Die Berufsbildung wandelt sich radikal. Die Digitalisierung bringt neue Berufe hervor und lässt bestehende verschwinden. Didaktische Ansätze müssen diesen Veränderungen genügen und zusätzliche Kompetenzen vermitteln. Mit dem WiLab möchte das Berufs-und Weiterbildungszentrum Wil-Uzwil (BZWU) die Berufsbildung neu denken.
«Einweihungen sind für mich nicht das Wichtigste, sondern was danach kommt», sagt Marco Frauchiger, Rektor am BZWU. Der 44-Jährige klingt dabei sehr zuversichtlich. Er bezieht sich auf die neue Lernlandschaft WiLab. Hier werden Lernende seit September nach einem neuen didaktischen Ansatz ausgebildet: individuelle Lerngruppen statt Klassenverband, Fach- und Lerncoaching statt Frontalunterricht, um nur einige Aspekte zu nennen. Entwickelt wurde das Lernkonzept zusammen mit der Pädagogischen Hochschule St. Gallen. Es wird laufend analysiert und bei Bedarf angepasst.
Detailhandel im Wandel
Der Pilot WiLab ist eine Antwort auf die rasante Entwicklung in der Berufsbildung. Im Zuge der Digitalisierung verändern sich viele Berufe grundlegend oder verschwinden komplett. Ein gutes Beispiel ist der Detailhandel. «Der Anteil an Online-Plattformen nimmt enorm zu. Die vielseitigen Anforderungen an Detailhandelsfachleute steigen. Dabei spielen der Umgang mit Informations- und Kommunikationstechnologie, Problemlösetechniken oder Projekt- Know-how eine immer grössere Rolle», führt Frauchiger aus. Als weiteres Beispiel nennt er die kaufmännische Ausbildung. Wie jene im Detailhandel durchläuft sie aktuell ebenfalls tiefgreifende Reformen auf nationaler Ebene.
Digitale Revolution
Berufe waren schon immer dem gesellschaftlichen und technischen Wandel unterworfen. Im Zuge der industriellen Revolution haben Mechanik und Automatisierung Abläufe und Tätigkeiten einschneidend verändert – nun also die Digitalisierung. «Wir gehen heute davon aus, dass etwa die Hälfte der Berufsfelder in Zukunft komplett anders aussehen könnte», sagt Frauchiger. In allen Berufen, wo Arbeit digitalisiert werden könne, werde dies auch geschehen. Weniger von diesem Wandel betroffen sei hingegen das klassische Gewerbe.

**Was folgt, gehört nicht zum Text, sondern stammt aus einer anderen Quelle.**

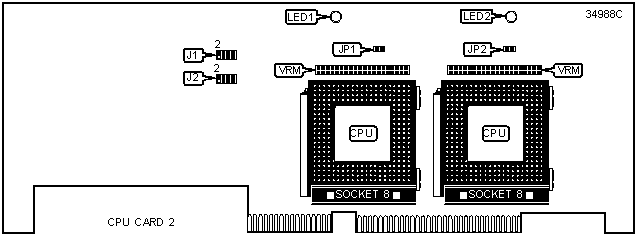 Note: The LEDs on CPU Card 1 and CPU Card2 are ‘overheat’ indicators. If any of these LEDs come on on either card, turn computer off as soon as possible to prevent damage. Note: If installing CPU card 1 only, insert the terminator card in CPU socket 2. Do not use CPU card 2 only |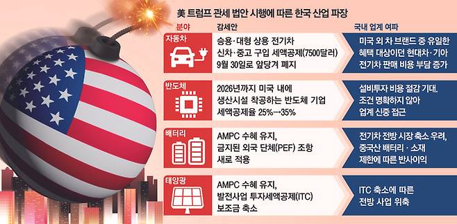 배터리 기업들은 전기차 시장 축소를 이번 감세안의 가장 큰 리스크로 지목한다. 다만 업계 관계자는 “중국산 배터리에 대한 고율 관세 부과에 더해 중국계 배터리 기업들이 미국 내에서 세액공제를 받는 길이 사실상 막힌 셈”이라며 “한국 기업의 북미 내 경쟁력이 상대적으로 부각될 수 있다”고 말했다.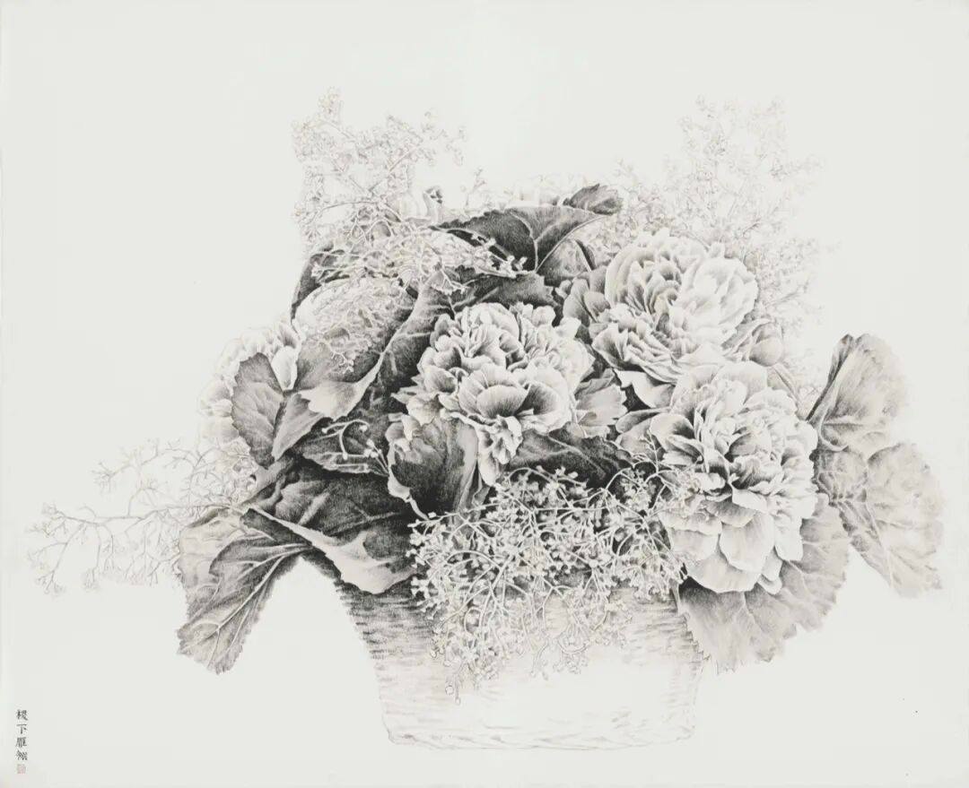 在三幅以牡丹为材的作品中,艺术家通过使用西方古典素描技法、写意技法、工笔技法以及南宋山水技法,创造了柔和而又饱满的花朵形象。选用正面的角度,在表现牡丹花瓣复杂的结构

Maurer werde es in der heutigen Form weiterhin geben, ist Frauchiger überzeugt.
Hohe Ansprüche, neue Erkenntnis
Die neuen oder veränderten Berufe setzen zudem meist einen hohen Kreativitätsgrad, eigenverantwortliches Denken und Handeln voraus. Herkömmliche Lernstrukturen mit Frontalunterricht vor einer zufällig zusammengesetzten Klasse genügen diesen Ansprüchen nicht mehr. Aus dieser Erkenntnis und inspiriert durch das Konzept der Co-Working-Spaces in der Wirtschaft ist die Idee zum WiLab entstanden. Der Kanton unterstützt WiLab im Rahmen der IT-Bildungs-offensive. Setzt sich der Ansatz durch, wird auch die Lehrerinnen- und Lehrerbildung neu gedacht werden müssen. Der Anfang ist gemacht. Wichtig ist nun, was danach kommt.